Oysa Özafşar’ın teklif ettiği şey eğer başlıbaşına ve “farklı” bir yöntem olarak ele alınacaksa burada daha önemli sorular bulunduğu açık. Bir kere bu yaklaşımda ravi kritikleri için hangi ölçütler kullanılacaktır? Birden fazla farklı tarikten gelen ve hepsi de sahih olan ihtilaflı metinlerin arası nasıl bulunacaktır? Nesh meselesi bu yaklaşımın neresinde durmaktadır? Bu yöntemi bütün hadisler için işletmek mümkün olacak mıdır? vs.

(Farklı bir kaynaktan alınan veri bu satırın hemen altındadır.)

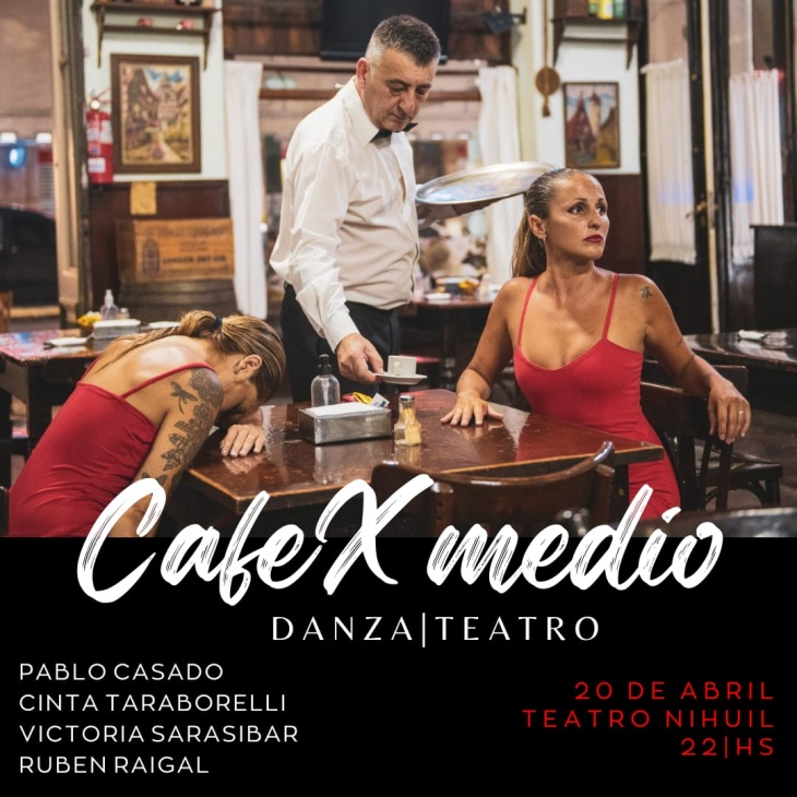 “Café x medio” es una obra de cuerpo, tango y desamor, con las actuaciones de Pablo Casado, Cintia Taraborelli, Victoria Sarasibar y Rubén Raigal. En técnica, estará trabajando Jorge Romero.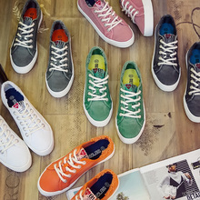 春夏学生帆布鞋女平跟经典小白鞋女糖果色系带韩版潮学院风布鞋女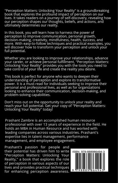 ""Perception Matters: Unlocking Your Reality"" is a groundbreaking book that explores the profound impact of perception on our lives. It takes readers on a journey of self-discovery, revealing how our perception shapes our thoughts, beliefs, and actions, and ultimately determines our reality. In this book, you will learn how to harness the power of perception to improve communication, personal growth, decision-making, creativity, mindfulness, health, success, and more. With easy-to-follow techniques and practical examples, you will discover how to transform your perception and unlock your full potential. Whether you are looking to improve your relationships, advance your career, or achieve personal fulfillment, ""Perception Matters: Unlocking Your Reality"" provides you with the tools you need to take control of your life and create the reality you desire. This book is perfect for anyone who wants to deepen their understanding of perception and explore its transformative power. It is a must-read for individuals seeking to improve their personal and professional lives, as well as for organizations looking to enhance their communication, decision-making, and problem-solving capabilities. Don't miss out on the opportunity to unlock your reality and reach your full potential. Get your copy of ""Perception Matters: Unlocking Your Reality"" today!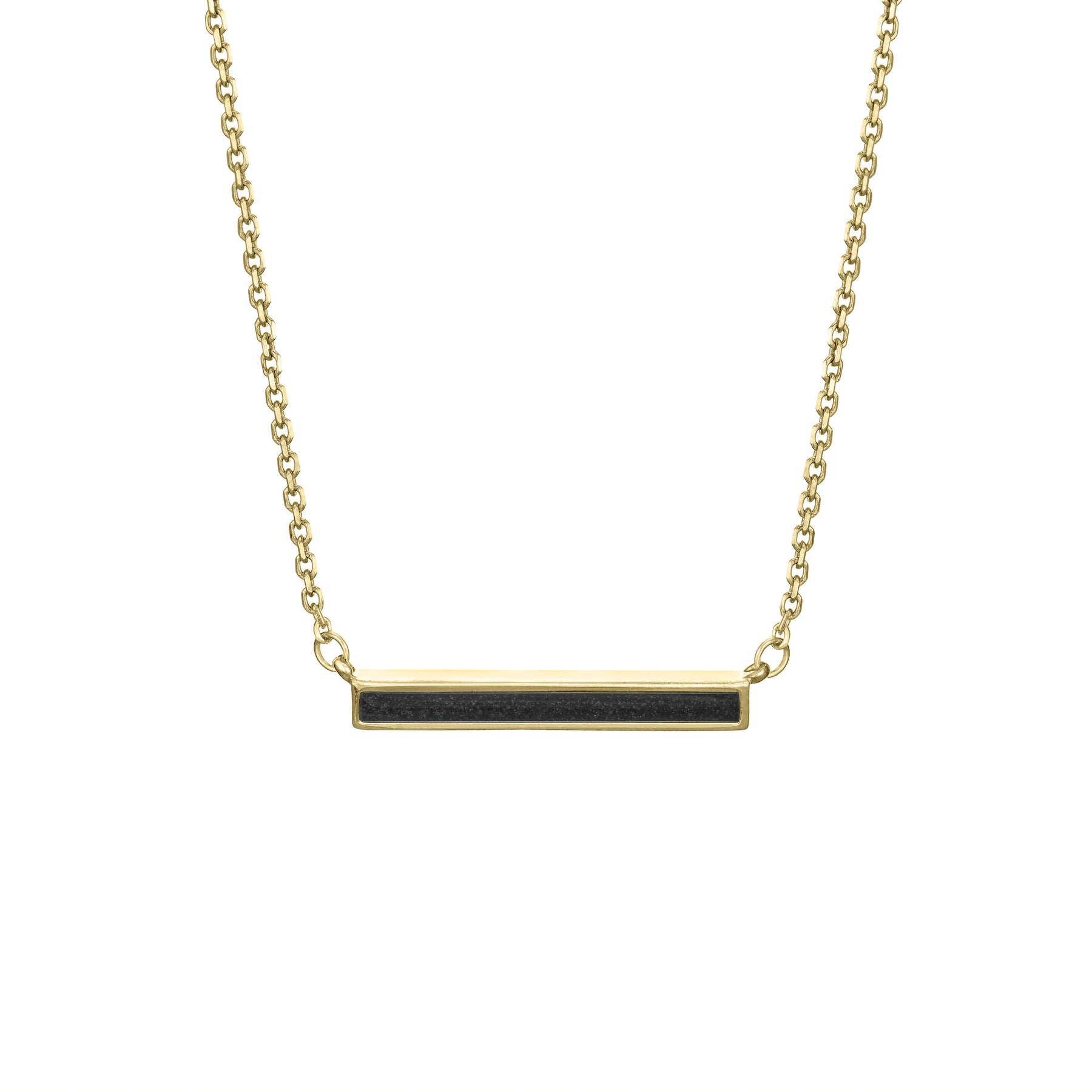 Discreet, elegant, and timeless, this 14k yellow gold cremation necklace features your loved one's ashes spanning the front of its sleek thin lateral bar component.

Dr. Mahmut Erdem ve Yrd. Doç. Dr. Tahsin Deliçay’ın “Mantık, Belagat ve Usul-ü Fıkıh İlimleri Arasında Ortak Bir Kavram Olarak Delalet” başlıklı ortak makalesini okurken “acaba metodolojik bir katkı mı?” diyorsunuz, ama emek mahsulü olduğu anlaşılan bu makaleden “imal-i fikir” beklentisi boşa çıkıyor.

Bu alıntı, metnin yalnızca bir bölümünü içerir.